New York University, New York, NY, USA.
BACKGROUND: According to the American Society of Plastic Surgeons' annual report, over 445,000 cosmetic and more than 176,000 reconstructive breast procedures were performed by ASPS member surgeons in 2013. These numbers continue to increase each year, and reinforce the need for plastic surgery training programs to produce graduates with both a comprehensive understanding of breast surgery and the technical skills required to reconstruct a wide variety of acquired breast defects. Multiple randomized controlled trials and systematic reviews have demonstrated the effectiveness of simulator-based surgical education; however, there has been a lack of its incorporation into plastic surgery training. Currently, no high-fidelity model exists for open surgical training of breast reconstruction. The purpose of this project was to develop a surgical training model that accurately replicates female breast anatomy and provides a useful tool to supplement and standardize plastic surgery resident education.

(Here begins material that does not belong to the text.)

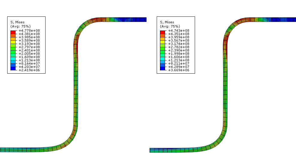 shows a comparison of the Mises stress in the blank obtained with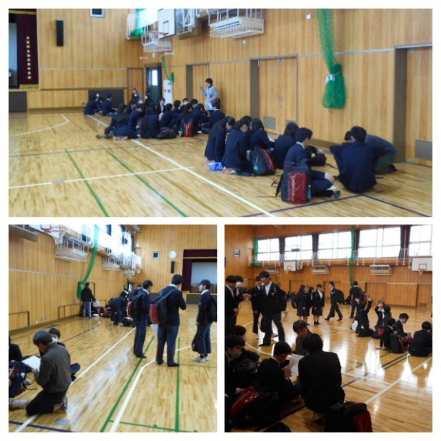 本日2月9日(月)5限目は、体育館にて3年生の私立高校を受験する生徒たちへの事前指導を行いました。

METHODS: In conjunction with The Chamberlain Group medical modeling company, a scale model of the female chest and abdomen was constructed using artificial materials designed to reproduce the appearance and feel of living human tissue. Epidermis, dermis, subcutaneous fat, breast glandular tissue, muscle, cartilage, bone, and perforating arteries and veins were all represented. Upon completion of the initial prototype, plastic surgery residents and attendings used the model to perform local tissue rearrangements including nipple reconstruction, lumpectomy, mastectomy, and abdominal free flap reconstruction with microvascular anastomoses to internal mammary perforators. Throughout these procedures, surgeons' feedback regarding modifications necessary to make the model more closely approximate human tissue was recorded. These modifications were then incorporated into the subsequent prototype and the process repeated until the model accurately replicated the anatomic planes and tactile feedback of a living breast.
RESULTS: Working closely with a medical modeling company, we were able to design an open surgical training model of the female breast capable of simulating procedures ranging from local tissue rearrangement to mastectomy with free flap reconstruction. To our knowledge, this model represents the first of its kind in plastic surgery.
CONCLUSIONS: A high-fidelity surgical model of female breast reconstruction has potential to serve as a useful tool to supplement plastic surgery resident training. As more plastic surgery residency programs become fully integrated, this realistic simulator may prove particularly valuable for teaching surgical techniques to junior residents. Validation of this simulator and its incorporation into a comprehensive breast surgery curriculum for plastic surgery residents is currently underway.